22. The system of claim 20, wherein the at least one local attribute comprises: at least one connection attempt attribute indicative of the frequency of connection attempts to at least one malware remote operator; at least one bytes in attribute indicative of instruction sets and/or repurposing of malware on the at least one compromised network asset; at least one bytes out attribute indicative of exfiltrated data; at least one number of threats present on at least one compromised network asset indicative of level of compromise of at least one compromised network asset; at least one asset category priority indicative of relative importance of the at least one compromised network asset; at least one successful connection attempt indicative of data exiting to or entering from one malware remote operator; at least one geographic location indicative of communication with an untrusted geography on at least one compromised network asset; at least one network type indicative of communication with an untrusted network on at least one compromised network asset; at least on DNS query or connection attempt to a domain that is either active or sinkholed on at least one compromised network asset; at least one malicious file delivered to at least one compromised network asset; at least one encrypted or obfuscated payload during a connection attempt from at least one compromised network asset; at least one file identified with privacy markings observed during a connection attempt from at least one compromised network asset; at least one vulnerability identified on at least one compromised network asset; at least one heightened level of confidence of the presence of a threat on at least one compromised network asset; or any combination thereof.

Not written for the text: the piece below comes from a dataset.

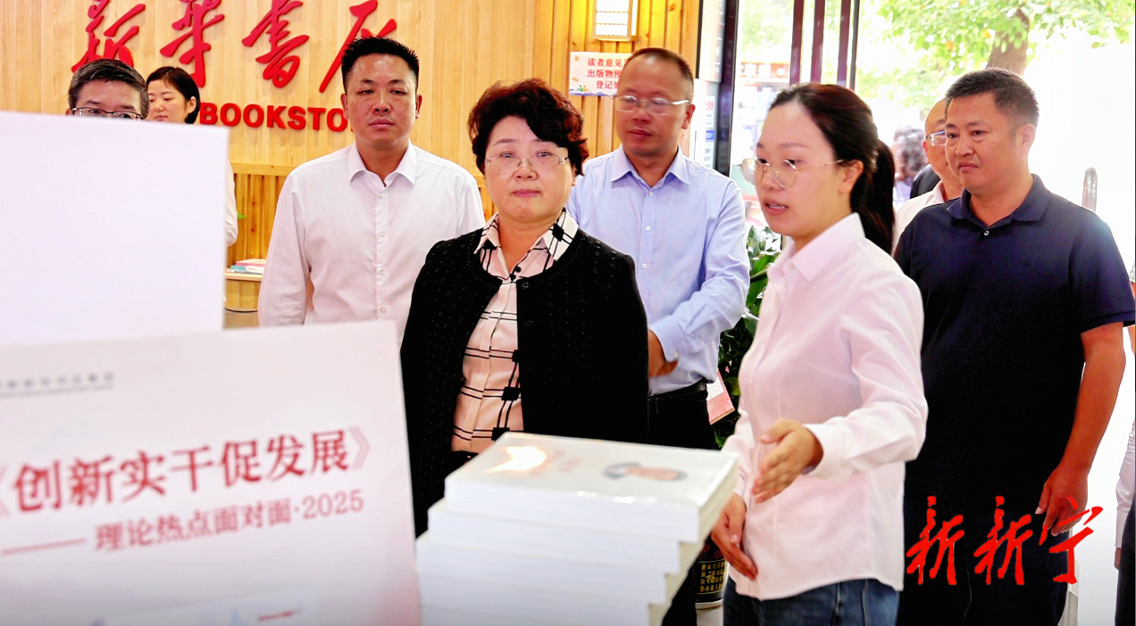 图为市人大常委会党组书记、主任周迎春(中)在新宁县新华书店调研。

23. The system of claim 20, wherein the at least one global attribute comprises: at least one related AV coverage indicative of coverage of at least one threat by at least one existing AV solution; and/or at least one threat severity attribute indicative of at least one assessment of the risk of the threat globally.

24. The system of claim 20, wherein the risk of the at least one attribute is assessed by transforming the at least one attribute by converting raw attribute data into individual attribute risk.

25. The system of claim 20, wherein weight is assigned to the individual attribute risk according to the at least one attribute's perceived risk level.

26. The system of claim 20, wherein individual attribute risks are aggregated and transformed into at least one overall risk.

27. The system of claim 19, wherein the individual attribute or overall risk is prioritized via at least one one-dimensional list menu with at least one attribute sorter and/or filter.

28. The system of claim 18, wherein the at least one overall risk is correlated with any individual attribute risk and the result is displayed in at least one threat matrix, allowing at least one user to quickly identify at least one most important compromised network asset to at least one organization.

29. The system of claim 18, wherein at least one user can be alerted regarding the at least two prioritized compromised network assets by their associated individual attribute risk or by the overall risk via at least one alert used to trigger incident response efforts.

30. The system of claim 19, wherein the at least one user is able to quickly identify the most important compromised network assets to at least one organization based on the at least one user's perspective of which at least one individual attribute risk is the most important to the at least one organization.

31. The system of claim 20, wherein the at least one user is able to quickly identify the most important compromised network assets to at least one organization based on the at least one user's perspective of which the overall risk is the most important to at least one organization.

32. The system of claim 29, wherein the at least one alert is updated in real time as new evidence is collected.

33. The system of claim 19, wherein the at least one individual attribute risk is updated in real time as new evidence is collected.

34. The system of claim 20, wherein the overall risk is updated in real time as new evidence is collected.